Lymph node specimens from patients undergoing biopsy for suspected lymphoma were identified by the Department of Pathology at St Vincent's Hospital, Sydney. Samples were collected subject to written consent for this human research ethics approved study (H00/028/1). A portion of the fresh biopsy specimen (≥2 mm3) was collected in RNAlater solution (Ambion, Foster City, CA) and then cryopreserved in liquid nitrogen. A further five biopsy samples (two cHL, two DLBCL, one FL) were obtained from the Newcastle Mater Misericordiae Hospital. The diagnosis and classification of each specimen was made or reviewed by an expert haematopathologist (JT) practising at our centre [10], according to the WHO Classification of Tumours of Haematopoietic and Lymphoid tissue 2001 [11]. All samples were collected during 2001-07 and analysed prior to the 2008 update of this classification system. Most cases (n = 16) of DLBCL were subclassified into germinal centre B (GCB) and non-GCB cell types (n = 5 and n=11 respectively) by immunohistochemistry according to the Hans algorithm [12]. The 23 cases of RL included reactive hyperplasia (n = 16), reactive hyperplasia with progressive germinal centre transformation (n = 3) or granuloma related to toxoplasmosis (n = 1), dermatopathic lymphadenitis (n = 1) and normal (n = 2).

RNA and Microarray assays

Frozen lymph node tissue was homogenised in TRIzol reagent (Invitrogen, Victoria, Australia) using a pellet pestle and total RNA isolated using RNeasy micro-column purification (Qiagen, Doncaster, Australia). The integrity of total RNA was assessed by denaturing agarose gel electrophoresis (1% agarose, 221 mM formaldehyde, 20 mM MOPS, 5 mM sodium acetate, 1 mM EDTA). Only samples with distinct 28 S and 18 S RNA bands were assayed by microarray. The total RNA extracted from granulocyte colony-stimulating factor mobilised peripheral blood stem cells (PBSC) samples from 10 healthy individuals (collected with informed consent) were pooled and used as the reference RNA for microarray assays. Two-colour fluorescent probe synthesis was carried out on 2 μg of patient (Cy5 - Red) and reference (Cy3 - Green) RNA and then competitively hybridised to a microarray using the 3DNA 900MPX kit (Genisphere, Hatfield, PA) according to the manufacturer's protocol. A GenePix 4000A scanner and GenePix Pro 3.0 image analysis software (Molecular devices, Sunnyvale, CA) was used to capture microarray images and quantify fluorescent signals from each feature. The microarrays used in this study were printed by the Adelaide Microarray Facility (Adelaide, Australia) using the Compugen library of 19000 70-mer oligonucleotides, which covers over 12000 generic human genes.
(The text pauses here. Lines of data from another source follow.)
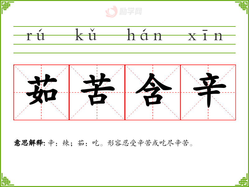 辛:辣;茹:吃。形容忍受辛苦或吃尽辛苦。
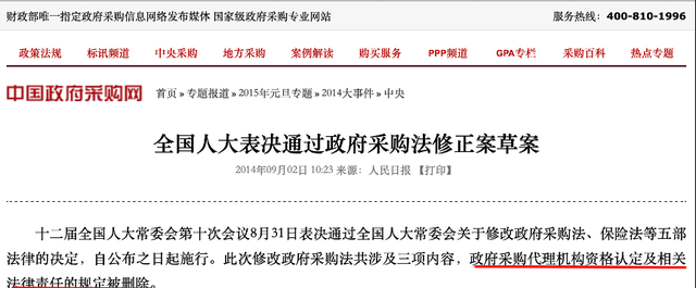 ◆ 2014年8月31日下午,全國(guó)人大常委會(huì)會(huì)議表決通過(guò)《政府采購(gòu)法》修正案,取消政府采購(gòu)代理機(jī)構(gòu)的資格認(rèn)定。2014年9月26日財(cái)政部印發(fā)了《關(guān)于做好政府采購(gòu)代理機(jī)構(gòu)資格認(rèn)定行政許可取消后相關(guān)政策銜接工作的通知》(財(cái)庫(kù)〔2014〕122號(hào))。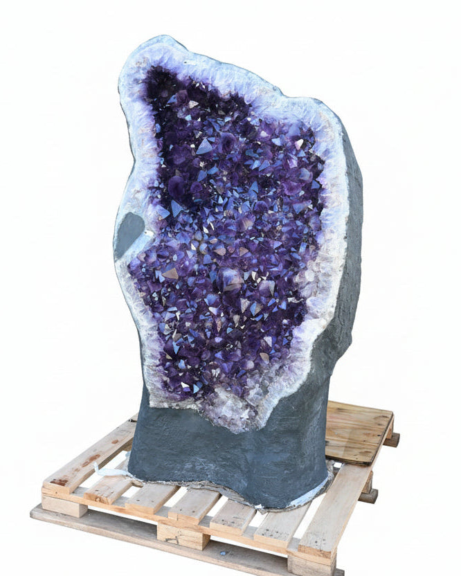 This item requires specialized, heavy-lift logistics and palletized freight shipping. Professional white-glove installation is mandatory due to the weight and scale of the piece. To maintain the crystal's luster, dust the interior using compressed air or a soft-bristled brush; avoid any water-based cleaning to preserve the mineral matrix.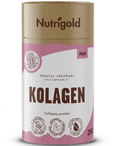 Če imate raje kolagen v prahu in iščete kolagen, ki bo blagodejno vplival na vašo kožo, lase in nohte, izberite Nutrigold Collagen+ za kožo, lase in nohte. Je kompleksen hranljiv kolagen v prahu za tonus in elastičnost kože, ki se priporoča vsem, ki želijo na kožo delovati od znotraj, še posebej ženskam po 30. letu starosti. Vsebuje Naticol® - ribji kolagenski peptid tipa 1 in ima najboljši učinek na kožo, lase in nohte, saj njegove molekule človeško telo odlično absorbira. Formula Nutrigold je obogatena s cinkom in vitaminom C, ki prispevata k boljši absorpciji Naticol®. Kolagen Nutrigold ne vsebuje soli in "slabih maščob", poleg tega pa je bogat z beljakovinami in vitaminom C.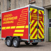 Die Jugendfeuerwehr bekam dank Spenden Lauenburger Firmen rechtzeitig zum Kreiszeltlager einen neuen Anhänger. Der Böckmann Zweiachser hat einen Kofferaufbau und wurde durch Bruns-Werbung im Lauenburger Design beklebt. So passt er perfekt hinter das MTF. Der Anhänger hat eine maximale Nutzlast von 2,7t. Die Jugendfeuerwehr stellt den Anhänger natürlich auch der aktiven Wehr zur Verfügung. Etwa zum Transport eines Stromerzeugers, die mit dem Gabelstapler bequem verladen und anschließend über Zurrösen im Boden gesichert werden kann.

Preprocessing of array data

Data from GenePix result files were pre-processed by within-array print-tip Lowess normalisation. The quality of each array was assessed prior to analysis to ensure only arrays of sufficient quality were retained. A quality score was obtained using the QC CV scoring from arrayQuality [13]. The microarray data with clinical information have been deposited in NCBI's Gene Expression Omnibus (GEO, http://www.ncbi.nlm.nih.gov/geo/) and are accessible through GEO Series accession number GSE23647. This study is comprised from two batches of arrays developed over two years. The batches were analysed and normalised separately to maintain the independence of the two datasets.

GEP classification analysis

The statistical analysis was performed using the R statistical software version 2.8.1. Microarray gene expression data from 81 patients of batch-1 arrays (training set) were used to develop a diagnostic profile. An independent series consisting of a further 35 patients (batch-2 arrays - test set) were used to independently assess the classification accuracy of the profile. The patient information, diagnosis and number of samples used in the training and test dataset of this study are indicated in Table 1.
Table 1

Summary of the biopsies in each disease category examined by microarray

Training set(n = 81)Test set(n = 35)Total(n = 116)
Patient characteristics
 Male (%)64%54%
 Age range16-8321-82
 Median age5356
Diagnosis
 RL16723
 cHL12719
 NHL532174
  DLBCL81119
  FL251035
  Other NHL*20020

The table summarises the overall number of biopsies for each subtype examined and also the corresponding numbers divided into training and test sets for analysis.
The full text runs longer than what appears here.